EDITS: data and model based on suggestions
you can download the example data file from the following link:
https://sites.google.com/site/johndatastuff/mydata1.csv
data$var1 <- as.factor(data$var1)
data$var2 <- as.factor(data$var2)
data$year <- as.factor(data$year)
data$loc <- as.factor(data$loc)
data$rep <- as.factor(data$rep)
following suggestions from the comments below:
fm1 <- lme(yld ~ var1*var2, data = data, random = ~ loc + year / loc + rep * year / loc)
Error in getGroups.data.frame(dataMix, groups) :
Invalid formula for groups
EXPECTED BASED ON SAS OUTPUT
Type 3 tests of fixed effects
var1*var2 14 238 F value 16.12 Pr >F = < 0.0001
Covariance parameters:
loc = 0, year(loc) = 922161, year*rep(loc) = 2077492, residual = 1109238
I tried the following model, I still getting some errors:
Edits: Just for information I tried the following model
require(lme4)
fm1 <- lmer(yld ~ var1*var2 + (1|loc) + (1|year / loc) + (1|rep : (year / loc)),
data = data)
Error in rep:`:` : NA/NaN argument
In addition: Warning message:
In rep:`:` : numerical expression has 270 elements: only the first used
Thanks for the more detailed information. I stored the data in d to avoid confusion with the data function and parameter; the commands works either way but this avoiding data is generally considered good practice.

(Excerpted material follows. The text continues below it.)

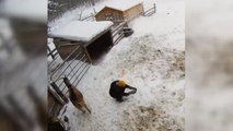 Un gato avanza sigiloso en modo caza por el patio y un cachorro aparece para arruinarle el plan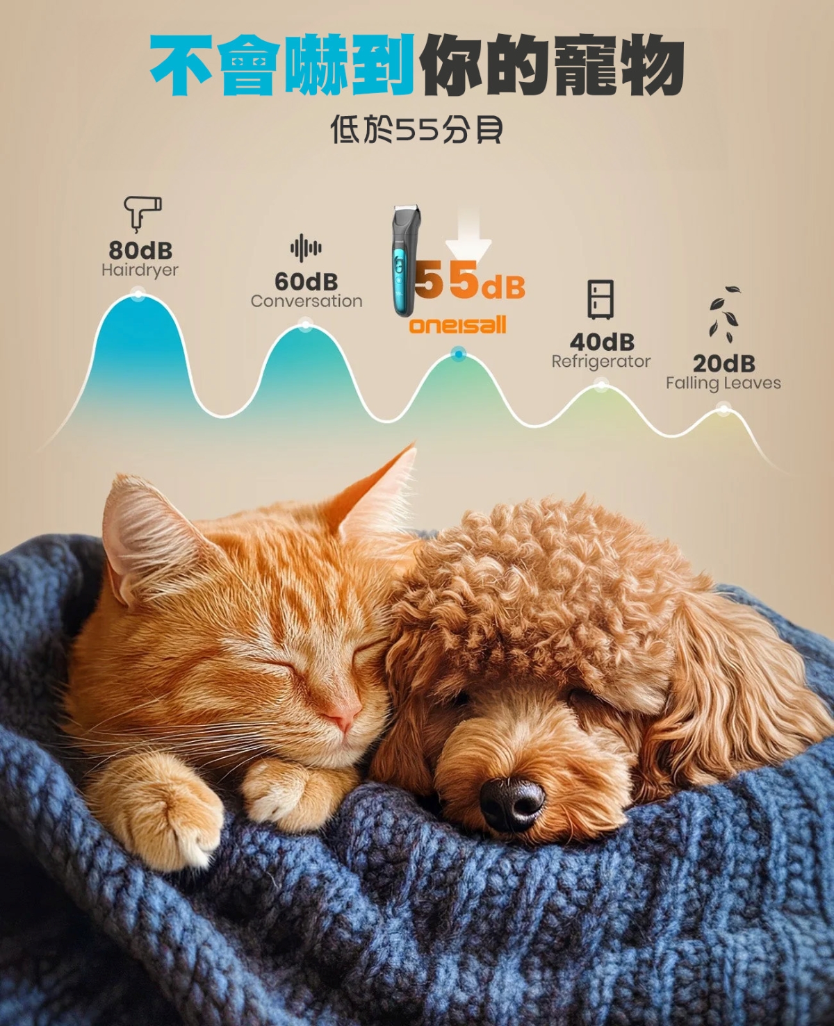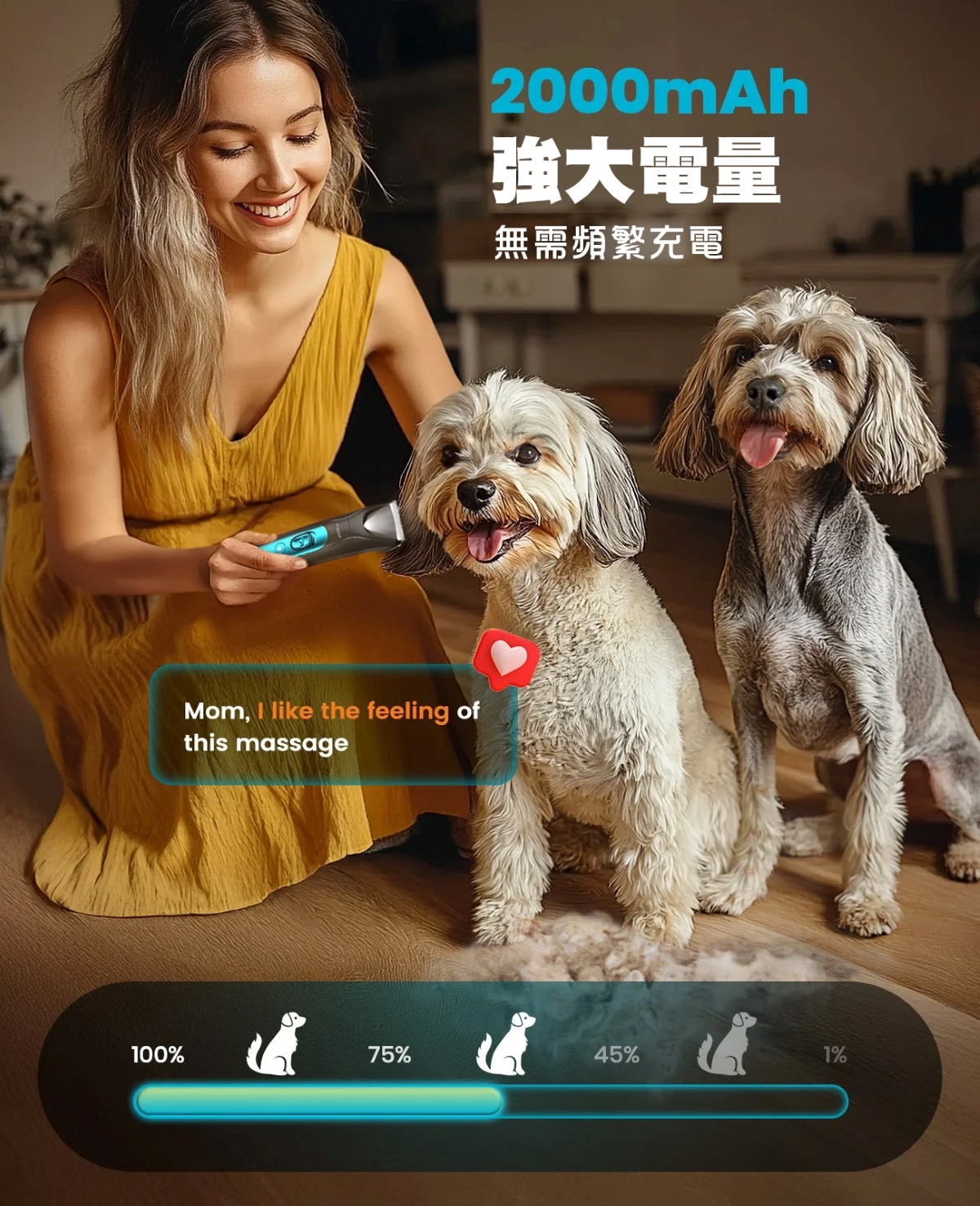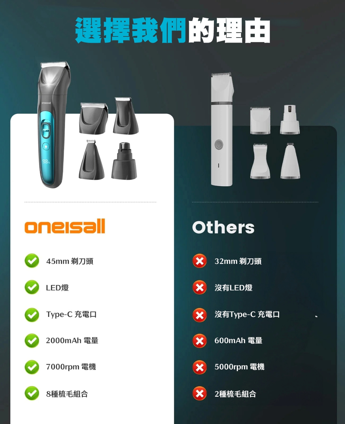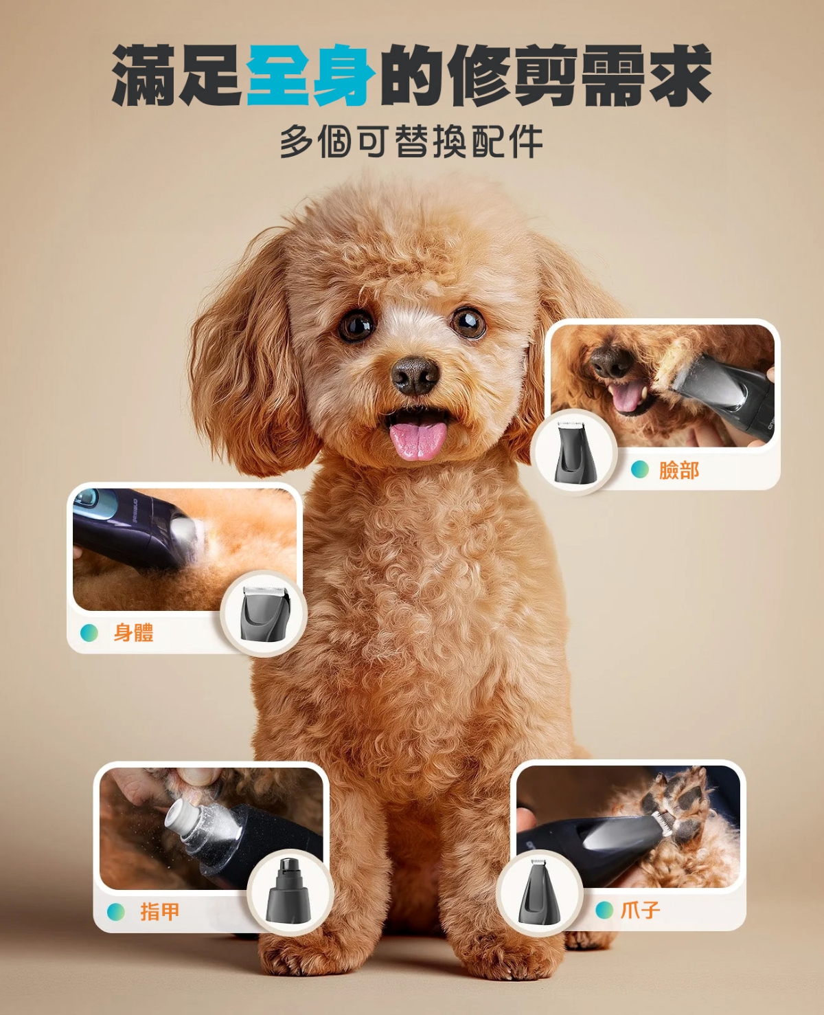 4款可替換修剪配件,8個定位梳,照顧寵物各部位修剪需要

Note that the interaction is hard to fit because of the lack of balance between var and var2; for reference here's the crosstabs:
> xtabs(~var1 + var2, data=d)
var2
var1 1 2 3 4 5
1 18 18 18 18 18
2 0 18 18 18 18
3 0 0 18 18 18
4 0 0 0 18 18
5 0 0 0 0 18
Normally to just fit the interaction (and no main effects) you'd use : instead of *, but here it works best to make a single factor, like this:
d$var12 <- factor(paste(d$var1, d$var2, sep=""))
Then with nlme, try
fm1 <- lme(yld ~ var12, random = ~ 1 | loc/year/rep, data = d)
anova(fm1)
and with lme4, try
fm1 <- lmer(yld ~ var12 + (1 | loc/year/rep), data=d)
anova(fm1)
Also note that because nlme and lme4 have overlap in their function names you need to only load one at time into your R session; to switch you need to close R and restart. (Other ways exist but that's the simplest to explain.)